The pro forma adjustments are described as follows:
(A) Represents pro forma adjustments to reflect the recognition of
revenues and direct operating expenses of the Acquired Property for
the year ended September 30, 1995.
(B) Represents pro forma adjustments to reflect additional estimated
depreciation, depletion and amortization attributable to the
acquisition as if such acquisition had occurred on October 1, 1994.
The additional depreciation, depletion and amortization amounts were
calculated on the unit-of-production method based on pro forma
capitalized costs and estimated future development, dismantlement and
abandonment costs and estimates of total pro forma proved reserves.

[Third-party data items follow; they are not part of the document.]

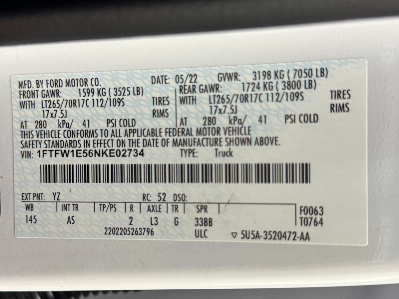 1FTFW1E56NKE02734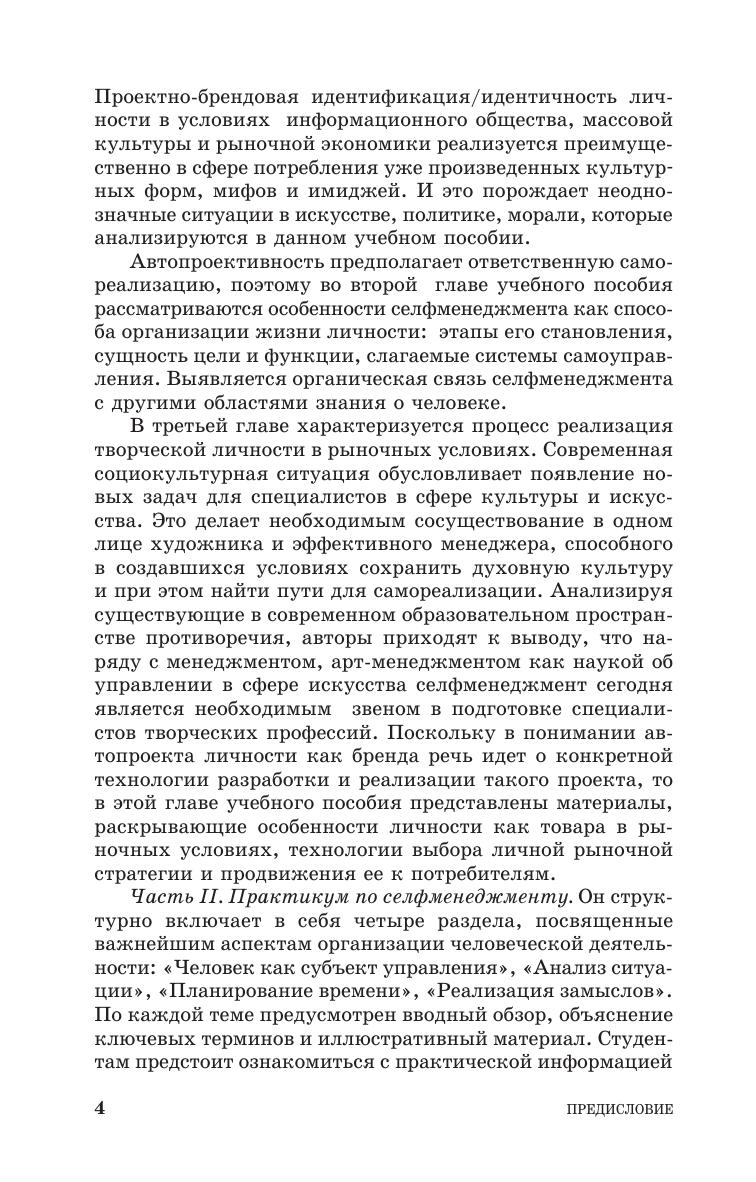 Пособие предназначено, прежде всего, для студентов вузов культуры и искусства, а также может представлять интерес для молодых специалистов и всех, интересующихся вопросами самоуправления и самопродвижения.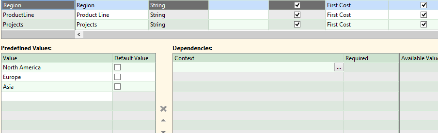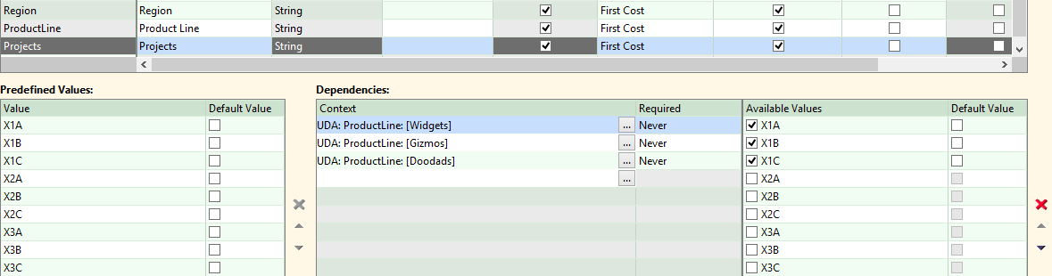 You can define three UDAs for Region., Product Line, and Projects, and give them predefined lists for the values. But if you place these lists on the Cost Guide and expect your users to select the correct combination of values when costing components, there’s a very good chance they could get it wrong and spend a lot of time in the process. For example, a user could select “North America” for the region, and “Gizmos” for the product line, and “X3B” for the project – none of which match the other values.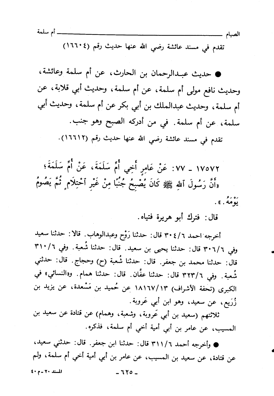 - حديث عبد الرحمن بن الحارث، عن أم سلمة وعائشة، وحديث نافع مولى أم سلمة، عن أم سلمة، وحديث أبي قلابة، عن أم سلمة، وحديث عبد الملك بن أبي بكر عن أم سلمة، وحديث أبي سلمة، عن أم سلمة. في من ادركه الصبح وهو جنب.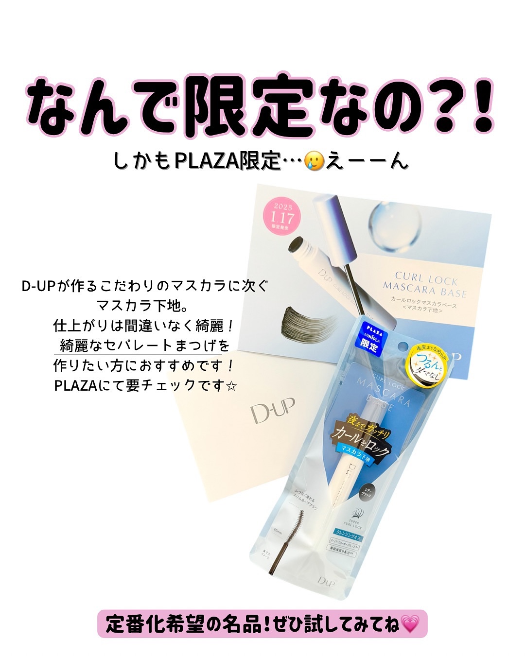 PLAZA・MINiPLAで限定発売されているマスカラ下地です🪄 D-upの大人気のお湯オフのマスカラは、私のまつ毛ではカールが上がらなくて💦 ウォータープルーフなので、落とす時はポイントメイクリムーバー使用がよかったです。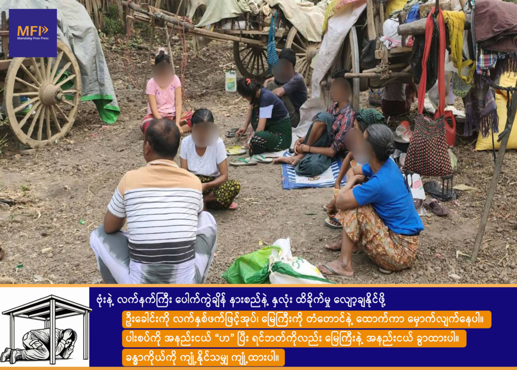 “စစ်ကြောင်း မြို့ထဲရောက်သွားလို့ နေ့ခင်း အိမ်ပြန်ကပ်တာ၊ ညကျ လက်နက်ကြီးထုလို့ ပြန်ပြေးရတယ်” လို့ ဒေသခံ စစ်ရှောင်အမျိုးသမီးတစ်ဦးက MFP ကို ပြောပါတယ်။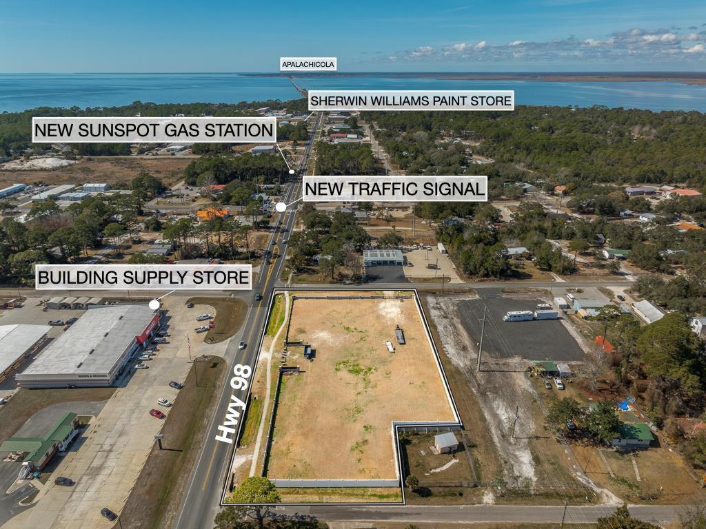 1.68 acres of prime commercial property with exceptional visibility and access on US Highway 98, centrally located in the heart of Eastpoint - the gateway to St. George Island. This highly visible corner-influenced parcel offers approximately 400 feet of frontage on Hwy 98 and an additional 200 feet of frontage on Franklin Street, providing excellent exposure and flexible site planning options. FLDOT-approved ingress and egress from Highway 98 is already in place, a significant advantage for future development. The property is cleared, level, and development-ready, with water and sewer taps already onsite. The location benefits from substantial recent and ongoing infrastructure investment, including new paving along Highway 98 and a newly installed traffic signal approximately 500 feet from the property, enhancing accessibility and traffic flow. The surrounding corridor continues to gain momentum with new commercial development underway, including a national paint store and a new gas station nearby, reinforcing the areas growing commercial appeal. The site is also conveniently located near a county park and boat ramp serving both year-round residents and the strong seasonal traffic headed to St. George Island and historic Apalachicola, just minutes away. With an AADT of approximately 5,800, strong frontage, approved access, and visible signs of growth, this property presents a compelling opportunity for investors, developers, or owner-users seeking an early position in an expanding coastal market.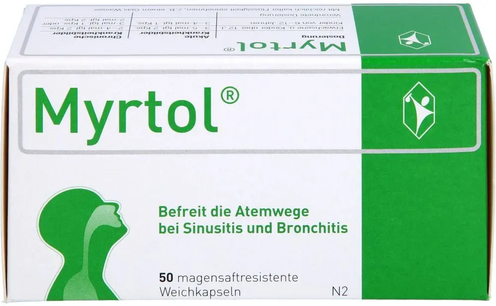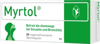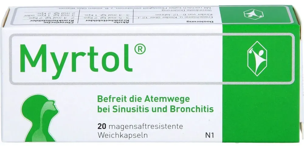 EAN: 4029125062683 - Myrtol ist ein pflanzliches Arzneimittel zur Schleimlösung in den Atemwegen. Anwendungsgebiete: Zur Schleimlösung und Erleichterung des Abhustens bei akuter und chronischer Bronchitis. Zur Schleimlösung beiEntzündungen der Nasennebenhöhlen (Sinusitis). Zur Anwendung bei Erwachsenen, Jugendlichen und Kindern ab n. Arzneilich wirksamer Bestandteil: Destillat aus einer Mischung von rektifiziertem Eukalyptusöl, rektifiziertemSüßorangenöl, rektifiziertem Myrtenöl und rektifiziertem Zitronenöl (66:32:1:1). - bei ipill.de - aus Yadore Produktdaten Dieses Angebot bietet 20 Kapseln zu einem sehr guten Preis von einem bekannten Anbieter. ![]() ![]() Pohl-Boskamp MYRTOL magensaftresistente Weichkapseln 20 St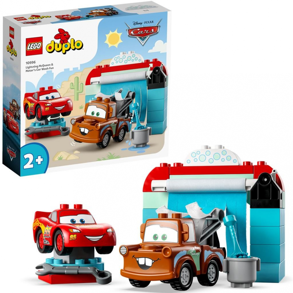 Daruieste fanilor in varsta de doi ani si mai mari ca rasfat setul LEGO® DUPLO® | Disney si Masinile Pixar - Distractie la spalatorie cu Lightning McQueen si Mater (10996).

The Company's actual and pro forma depletion rates for the year ended
September 30, 1995, were $0.88 and $0.78 per Mcfe produced,
respectively.
(C) Represents pro forma adjustments to reflect increased interest
expense as if the Company incurred borrowings under its credit
agreement to finance the $61 million acquisition cost at an average
interest rate of 5.95% for the Acquired Property as of October 1,1994.
(D) Represents pro forma adjustments for estimated federal income tax
expense using the Company's average tax rate of 35% and pro forma
recognition of Section 29 federal income tax credits.

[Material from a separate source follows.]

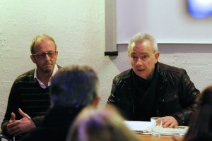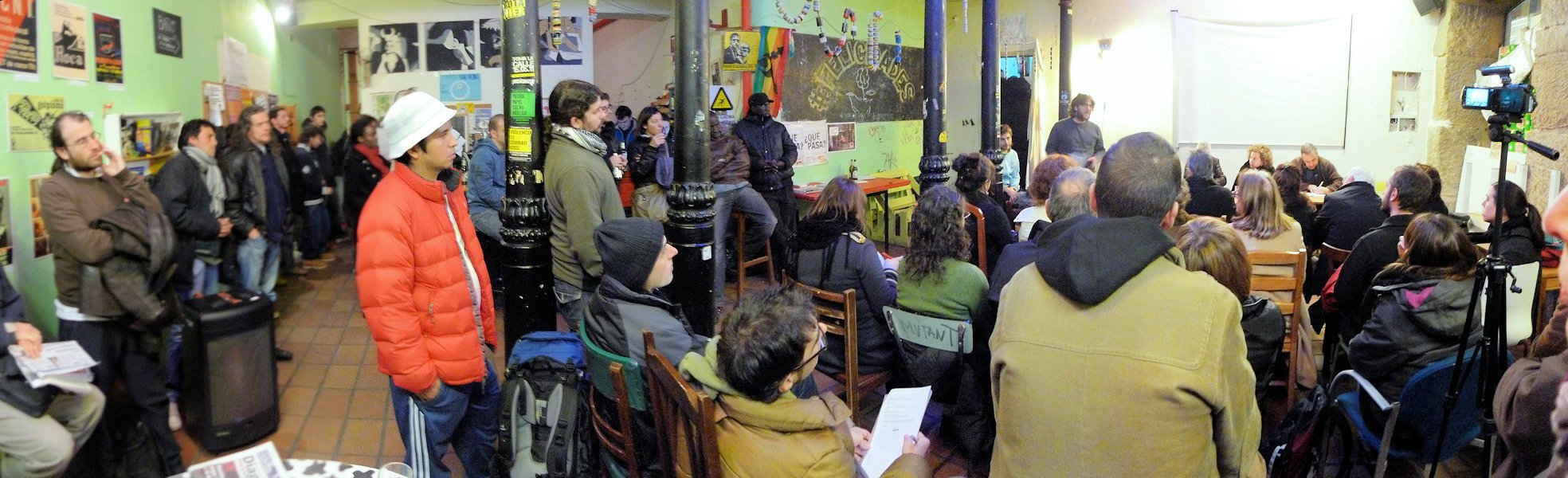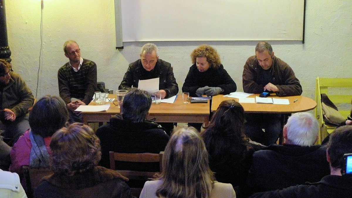Ante un público muy diverso de unas cincuenta personas se habló de las condiciones en que se realizó la Transición, condiciones de pacto, convulsión social y represión, así como de las labores que desde hace unos años se llevan por el establecimiento de la Memoria Histórica y el reconocimiento de los luchadores anti-franquistas y contra la impunidad de los crímenes del franquismo, labor en la que está inmersa nuestra Asociación.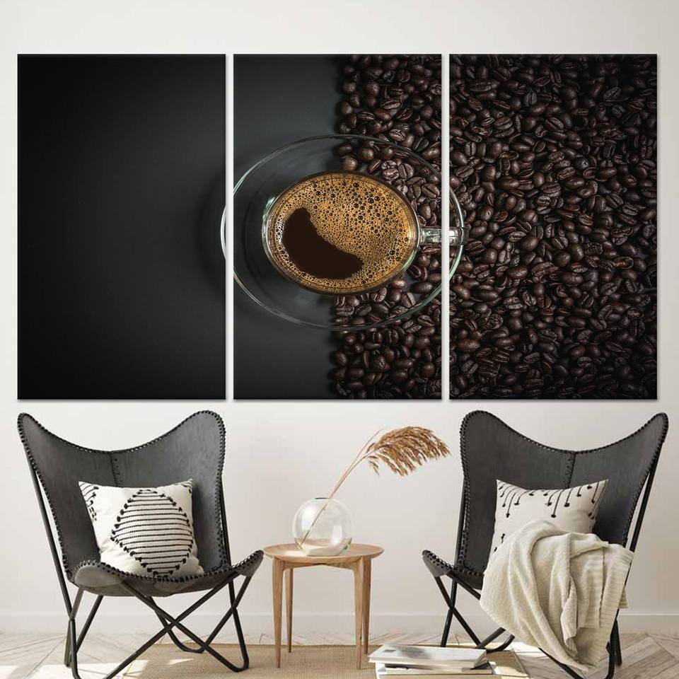 ภาพพิมพ์บนผ้าใบสำหรับตกแต่งผนัง: ของตกแต่งร้านกาแฟลายถ้วยกาแฟสุดหรู ผ้าใบพิมพ์ลาย 3 ชิ้น

(E) Represents pro forma adjustments to reflect the recognition of
revenues and direct operating expenses of the Acquired Property for
the nine month period ended June 30, 1996.

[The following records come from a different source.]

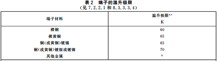 2015版和202X版充電樁標準GB/T18487.1都要求樁內元器件(斷路器和接觸器)的端子,在充電機最大輸出電流下長期運行,極限溫升不超過50K,見下表2。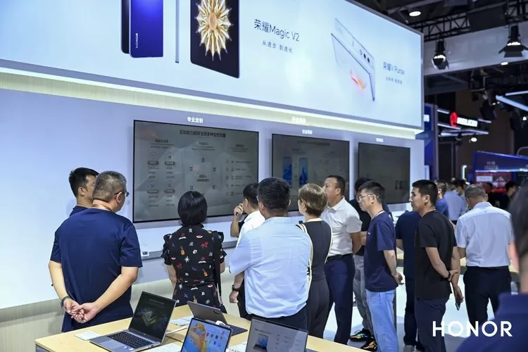 本届大会展览现场,荣耀100平米的现场展位通过设立全场景+终端产品体验区、折叠屏系列产品及黑科技展示区、行业解决方案区和HONOR Talents作品区,重点展示自身最新技术能力及创新成果。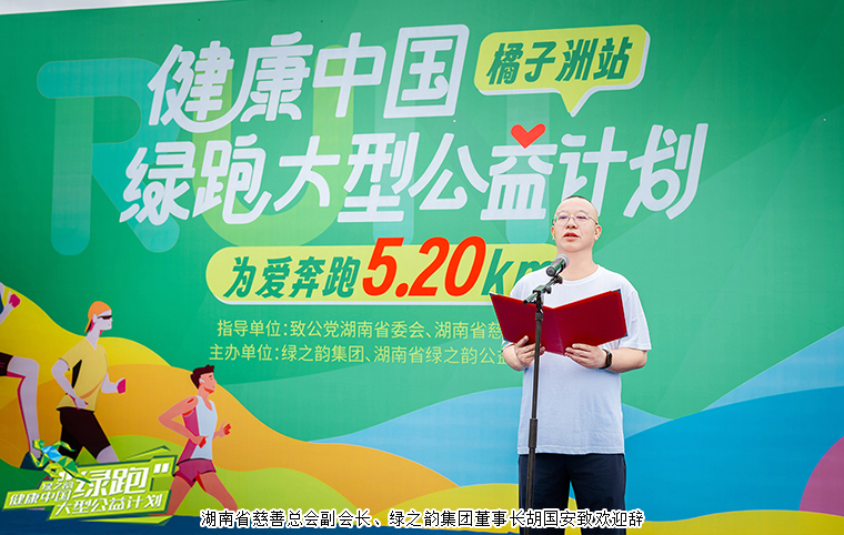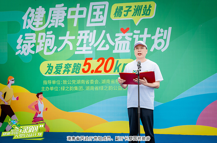 湖南省民政厅党组成员、副厅长廖国核致辞。他表示,今天,我们以爱之名、善之行,共同参与、共同见证、共同推进2024绿之韵“健康中国—绿跑”大型公益活动。湖南省慈善总会联合安博官网共同举办“绿跑活动”,倡导人人慈善的理念,践行绿色发展理念,将“健康”与“公益”相结合,将“惠己”与“助人”相结合,激发向善向上正能量,凝聚社会公益心。绿跑已经持续举办了9届,每一届都设定了不同的公益主题、吸引了公众广泛参与、汇聚了强大的慈善力量、展现了湖南的人文新貌。安博官网自成立以来,坚守“让善行成为生命习惯”的理念,主动承担社会责任,致力于传递爱的力量,为湖南慈善事业做出了积极贡献。绿之韵发起的“绿跑活动”,充分体现了绿之韵优秀的企业文化和强烈的社会担当。希望大家能跑出健康的身体,跑出幸福的人生,跑出爱心的力量,跑出文明的风景,让奔跑的身影成为橘子洲头最生动的景致,让大家奉献的善举成为山水洲城最美好的画卷。

(F) Represents pro forma adjustments to reflect additional estimated
depreciation, depletion and amortization attributable to the
acquisition as if such acquisition had occurred on October 1, 1995.
The additional depreciation, depletion and amortization amounts were
calculated on the unit-of-production method based on pro forma
capitalized costs and estimated future development, dismantlement and
abandonment costs and estimates of total pro forma proved reserves.
The Company's actual and pro forma depreciation, depletion and
amortization rates for the period ended June 30, 1996 were $1.06 and
$0.93 per Mcfe produced, respectively.
(G) Represents pro forma adjustments to reflect increased interest
expense as if the Company incurred borrowings under its credit
agreement to finance the $61 million aggregate acquisition cost at an
average interest rate of 5.68% for the Acquired Property on October 1,
1995.
(H) Represents pro forma adjustments to reflect the acquisition of the
Acquired Property for total consideration of $61 million as if such
acquisition occurred on June 30, 1996.